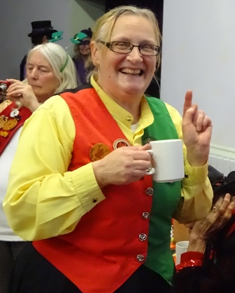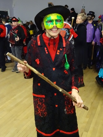 Anyway back to Halesworth: giving a St Patrick’s Day twist to their event with green face masks and shamrock, Oxblood started with massed dances arranged beforehand for every genre of dance represented. But as we were the only ones, with the help of a sole Danegeld dancer, able to make up a complete North West side we were on our own – slightly nerve-racking as “Carr Lodge” is quite a new dance to us and we were by no means sure of it, but the sprung wooden floor lifted us all. After the massed dances, it was turn and turn about. Informality and lack of a public audience meant that those intrepid, but lone, souls representing their absent sides could join in. (Quick run-through in the men’s cloakroom anyone?) Between dances friends chatted and relationships between sides were renewed.
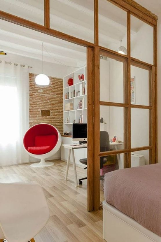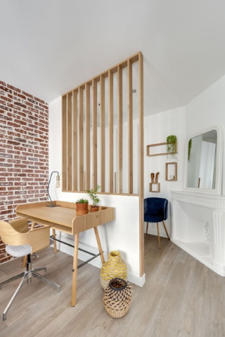 Pour aménager votre pièce, vous pouvez ajouter un bureau surmonté par une verrière en bois. Afin d’optimiser au maximum l’espace, pensez à ajouter des rangements sur les côtés.
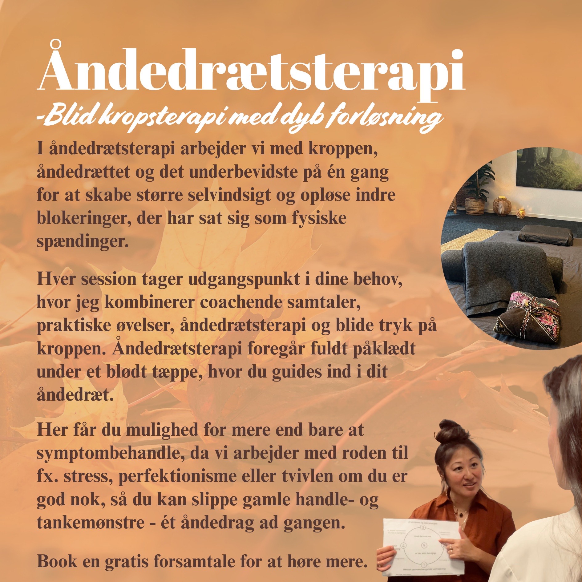 Efter samtalen er det tid til åndedrætsterapien, som foregår fuldt påklædt på en madras på gulvet, hvor du ligger under et blødt tæppe. I baggrunden vil være musik, der er udvalgt til at støtte din proces. Her bliver du guidet til at mærke din krop og til at begynde bevidst sammenhængende vejrtrækning, som er et blid cyklisk åndedræt uden pauser mellem ind- og udånding.
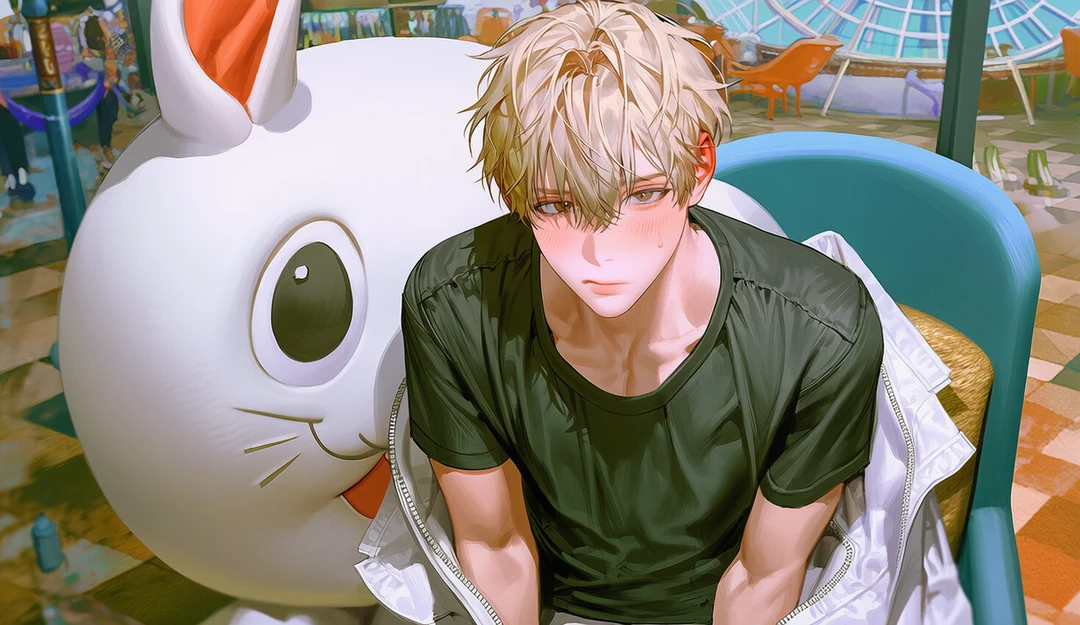 안쪽, 의자에 앉아 있는 그는 인형 탈을 반쯤 걸친 채 움직이지 않는다. 탈의 몸통은 아직 입고 있지만, 머리는 벗겨져 의자 옆 바닥에 놓여 있다. 웃고 있는 커다란 인형 얼굴이, 이 공간에선 이상할 만큼 조용하다. 그는 누군가 오는 소리를 듣고 고개를 든다. 시선이 마주친다. 그 순간, 아주 짧게—도망칠까 고민한 흔적이 스친다.
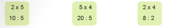 10 : 5 = 2 20 : 5 = 4 8 : 2 = 4

_ _ _ _ _

Prompt -> Reprint the entries above exactly, images removed.

Written solution ->
 Anyway back to Halesworth: giving a St Patrick’s Day twist to their event with green face masks and shamrock, Oxblood started with massed dances arranged beforehand for every genre of dance represented. But as we were the only ones, with the help of a sole Danegeld dancer, able to make up a complete North West side we were on our own – slightly nerve-racking as “Carr Lodge” is quite a new dance to us and we were by no means sure of it, but the sprung wooden floor lifted us all. After the massed dances, it was turn and turn about. Informality and lack of a public audience meant that those intrepid, but lone, souls representing their absent sides could join in. (Quick run-through in the men’s cloakroom anyone?) Between dances friends chatted and relationships between sides were renewed.
 Pour aménager votre pièce, vous pouvez ajouter un bureau surmonté par une verrière en bois. Afin d’optimiser au maximum l’espace, pensez à ajouter des rangements sur les côtés.
 Efter samtalen er det tid til åndedrætsterapien, som foregår fuldt påklædt på en madras på gulvet, hvor du ligger under et blødt tæppe. I baggrunden vil være musik, der er udvalgt til at støtte din proces. Her bliver du guidet til at mærke din krop og til at begynde bevidst sammenhængende vejrtrækning, som er et blid cyklisk åndedræt uden pauser mellem ind- og udånding.
 안쪽, 의자에 앉아 있는 그는 인형 탈을 반쯤 걸친 채 움직이지 않는다. 탈의 몸통은 아직 입고 있지만, 머리는 벗겨져 의자 옆 바닥에 놓여 있다. 웃고 있는 커다란 인형 얼굴이, 이 공간에선 이상할 만큼 조용하다. 그는 누군가 오는 소리를 듣고 고개를 든다. 시선이 마주친다. 그 순간, 아주 짧게—도망칠까 고민한 흔적이 스친다.
 10 : 5 = 2 20 : 5 = 4 8 : 2 = 4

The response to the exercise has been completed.